Heller myotomy for esophageal achalasia: Outcomes in 1010 patients with longitudinal follow-up

Collaborators, Affiliations

Heller myotomy for esophageal achalasia: Outcomes in 1010 patients with longitudinal follow-up

John O Barron et al. J Thorac Cardiovasc Surg. .

Abstract

Background: Achalasia is a rare progressive disease for which longitudinal outcomes and optimal follow-up remain poorly defined. We assessed longitudinal reintervention, symptom palliation, and esophageal emptying after Heller myotomy performed in more than 1000 patients over a 25-year period.

Methods: Between January 1, 1995, and January 1, 2020, a total of 1010 adults underwent Heller myotomy at Cleveland Clinic. The operation was minimally invasive in 937 (93%) patients, with Dor fundoplication in 838 (92%). Esophageal emptying was assessed by timed barium esophagram (TBE), and symptoms were quantified by Eckardt score. Multiphase mixed-effects models and Kaplan-Meier analysis were used to estimate longitudinal symptom palliation, esophageal emptying, and reintervention (pneumatic dilation ≥30 mm, per-oral endoscopic myotomy, repeat Heller myotomy, or esophagectomy).
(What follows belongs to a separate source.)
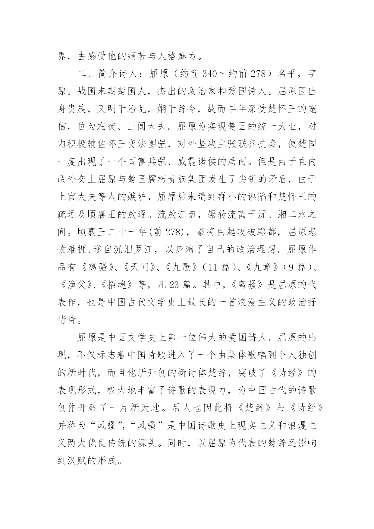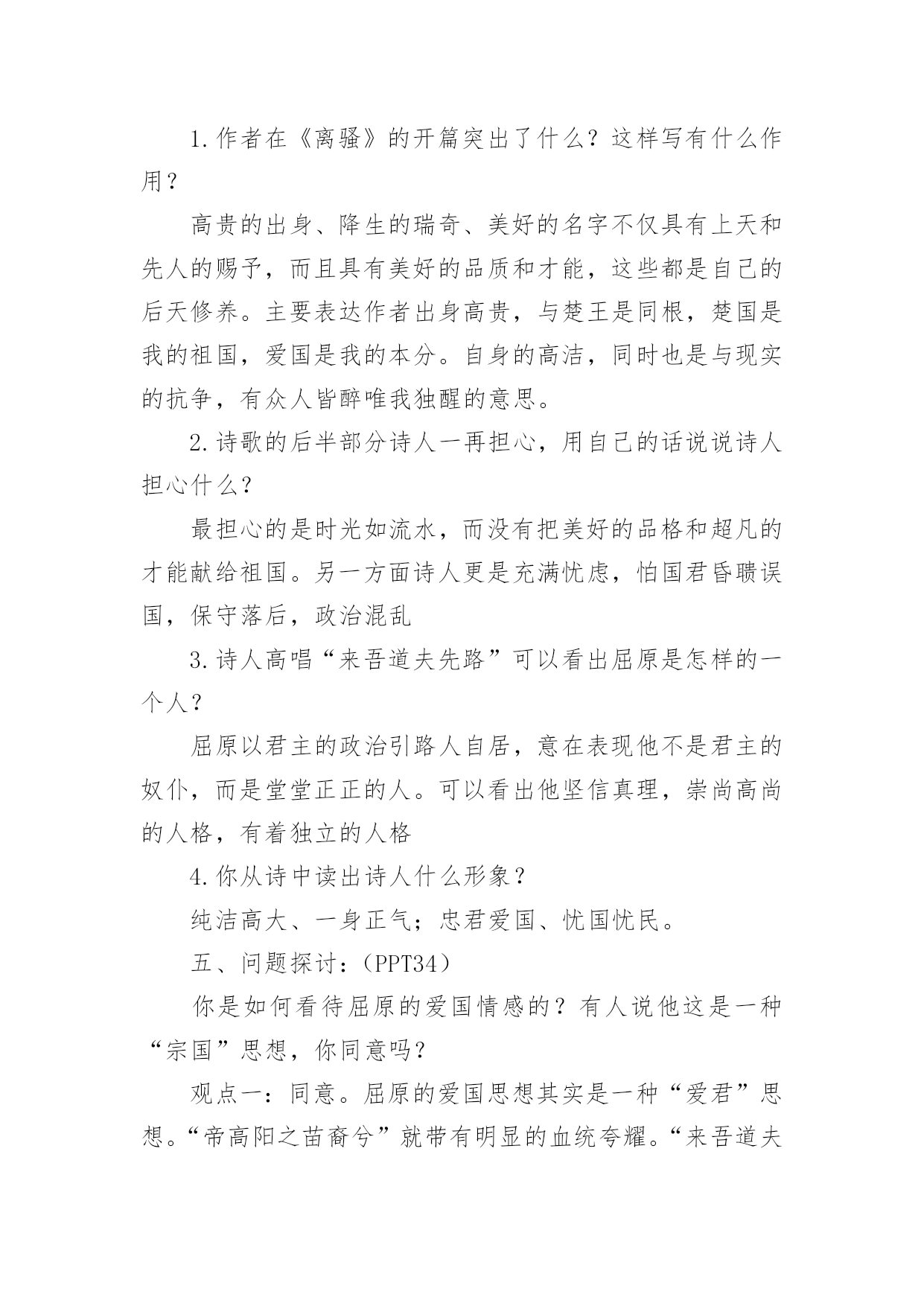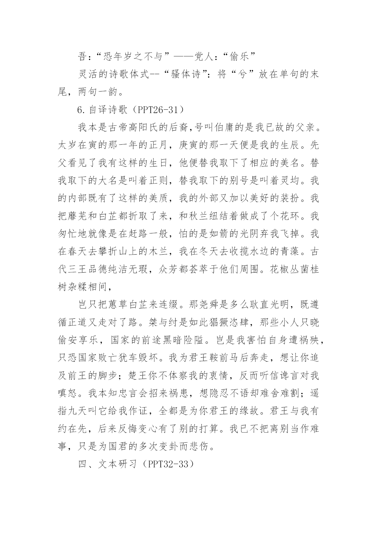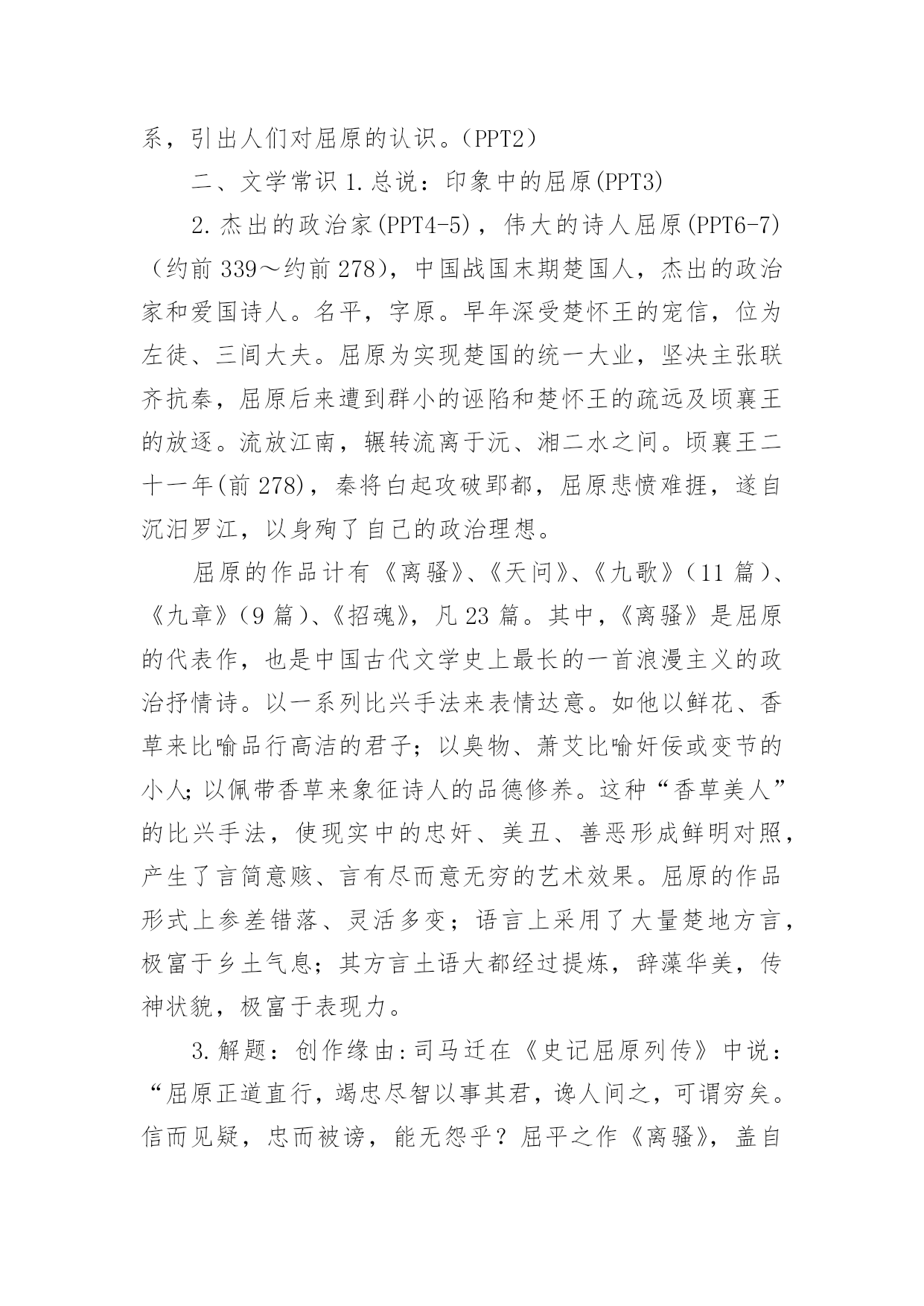 离骚教学设计作为一位优秀的人民教师,通常需要准备好一份教学设计,教学设计是对学业业绩问题的解决措施进行策划的过程。我们应该怎么写教学设计呢?下面是小编为大家整理的离骚教学设计,供大家参考借鉴,希望可以帮助到有需要的朋友。离骚教学设计1知识目标1、了解《离骚》是《诗经》以后的一次诗体大解放,是“楚辞”体的代表作品。2、通过学习《离骚》,了解文学作品中常用的“移情法”。如屈原借诗中的的“香草”“美人”表述自己的政治理想及情怀。3、学会吟诵古诗词,注意节拍、重音。4、了解以屈原作品为代表的积极浪漫主义和创作手法:丰富的想象,形象的描述。能力目标1、培养通过把握诗文形象,深入体会作者的思想感情的能力。2、掌握文言实词、虚词,培养学生阅读古诗文的能力。德育目标通过学习《离骚》,理解诗人热爱祖国、忧国忧民的情怀,培养学生爱国忧民的思想感情,并学习诗人不与恶势力同流合污,执著追求理想的高尚节操。教学重点1、通过鉴赏《离骚》的优美诗句,学习屈原追求美政、忧国忧民的高尚品德。2、品味、鉴赏诗歌的比兴艺术手法,艺术价值。教学难点1、引导学生对诗作中疑难的字、词及表达含蓄的句子的理解。2、有感情、有节奏地诵读并背诵课文。教学方法1、运用讲读法、逐节诵读、讲讲背背,指点难字读音、难字词义。2、运用讨论法,让学生理解诗中作者的爱国忧民感情及他为追求理想而九死未悔的精神。3、通过比较阅读法,延展课堂内容,开阔学生的视野,充实对作品的理解。课时安排3课时教学步骤一、导入:背诵《沁园春.雪》“唐宗宋祖,稍逊风骚”“风骚”指国风与离骚。“风、骚”是中国诗歌史上现实主义和浪漫主义两大优良传统的源头。理解离骚含义:离别的忧愁,包含了巨大的情感力量。了解屈原多少?爱国诗人。读懂诗歌多少?看到“兮”字最多。民间端午节和屈原的联系,引出人们对屈原的认识。(PPT2)二、文学常识1.总说:印象中的屈原(PPT3)2.杰出的政治家(PPT4-5),伟大的诗人屈原(PPT6-7)(约前339~约前278),中国战国末期楚国人,杰出的政治家和爱国诗人。名平,字原。早年深受楚怀王的宠信,位为左徒、三闾大夫。屈原为实现楚国的统一大业,坚决主张联齐抗秦,屈原后来遭到群小的诬陷和楚怀王的疏远及顷襄王的放逐。流放江南,辗转流离于沅、湘二水之间。顷襄王二十一年(前278),秦将白起攻破郢都,屈原悲愤难捱,遂自沉汨罗江,以身殉了自己的政治理想。屈原的作品计有《离骚》、《天问》、《九歌》(11篇)、《九章》(9篇)、《招魂》,凡23篇。其中,《离骚》是屈原的代表作,也是中国古代文学史上最长的一首浪漫主义的政治抒情诗。以一系列比兴手法来表情达意。如他以鲜花、香草来比喻品行高洁的君子;以臭物、萧艾比喻奸佞或变节的小人;以佩带香草来象征诗人的品德修养。这种“香草美人”的比兴手法,使现实中的忠奸、美丑、善恶形成鲜明对照,产生了言简意赅、言有尽而意无穷的艺术效果。屈原的作品形式上参差错落、灵活多变;语言上采用了大量楚地方言,极富于乡土气息;其方言土语大都经过提炼,辞藻华美,传神状貌,极富于表现力。3.解题:创作缘由:司马迁在《史记屈原列传》中说:“屈原正道直行,竭忠尽智以事其君,谗人间之,可谓穷矣。信而见疑,忠而被谤,能无怨乎?屈平之作《离骚》,盖自怨生也。”《离骚》就是他根据楚国的政治现实和自己的不平遭遇,“发愤以抒情”而创作的一首政治抒情诗。是屈原生活历程的形象记录,是屈原面临个人与国家的厄运,对于过去和未来的思考,是一个崇高而痛苦的灵魂的自传。(PPT7-8)三、预习检测1.诵读指导(PPT9)2.字音字义(PPT10)苗裔(yì):后代子孙孟陬(zōu):正月揆(kuí)揣度扈(hù)被、披辟芷(zhǐ):香草名,即白芷汨(gù):水急流貌搴(qiān):攀、折阰(pí):山坡、岭上骐骥(qíjì)骏马申椒(jiāo)申地产的椒蕙茝(chǎi)香草名昌被(pī):穿衣而不系带的`样子,比喻狂乱不羁惮(dān):害怕捷径:比喻政治上的邪道踵(zhǒng脚后跟謇謇(jiǎn):忠贞的样子荃(quán):香草名,喻楚怀王羌(qiāng)楚辞中所特有的语气词灵修:神明、有远见的人,喻楚怀王3.分析诗歌(PPT24)4.文言知识总结(PPT11-23):之、以、夫、而、岂词类活用句式:状语后置句宾语前置句判断句反问句5.精华鉴赏(PPT25):象征手法的运用:芳草香木:象征高尚的品德佩带香草:表明追求美好的事物,品格高洁美人芳草:比喻贤臣对比手法的运用:尧、舜:“耿介”——桀、纣:“猖披”吾:“恐年岁之不与”——党人:“偷乐”灵活的诗歌体式--“骚体诗”:将“兮”放在单句的末尾,两句一韵。6.自译诗歌(PPT26-31)我本是古帝高阳氏的后裔,号叫伯庸的是我已故的父亲。太岁在寅的那一年的正月,庚寅的那

Results: Freedom from any reintervention was 75% and freedom from esophagectomy was 96.8% at 10 years postmyotomy. The risk of reintervention was greatest during the first year, with 1 reintervention portending additional reintervention(s). Severe recurrent symptoms were rare, with a probability of freedom from severe dysphagia (daily or every meal) of 74% and probability of an Eckardt score ≤3 of 68% at 10 years. The probability of complete TBE emptying was 55% immediately postmyotomy and decreased to 24% by 10 years.

Conclusions: Heller myotomy provides long-term symptom palliation and esophageal emptying for patients with achalasia, with a gradually increasing risk of reinterventions over time, highlighting the importance of initial annual follow-up. After 3 years, the follow-up interval may be increased to every 3 years when symptom relief and esophageal emptying remain stable. These findings provide a long-term benchmark for future therapies.

Keywords: Eckardt score; Heller myotomy; esophageal achalasia; fundoplication; reintervention; timed barium esophagram.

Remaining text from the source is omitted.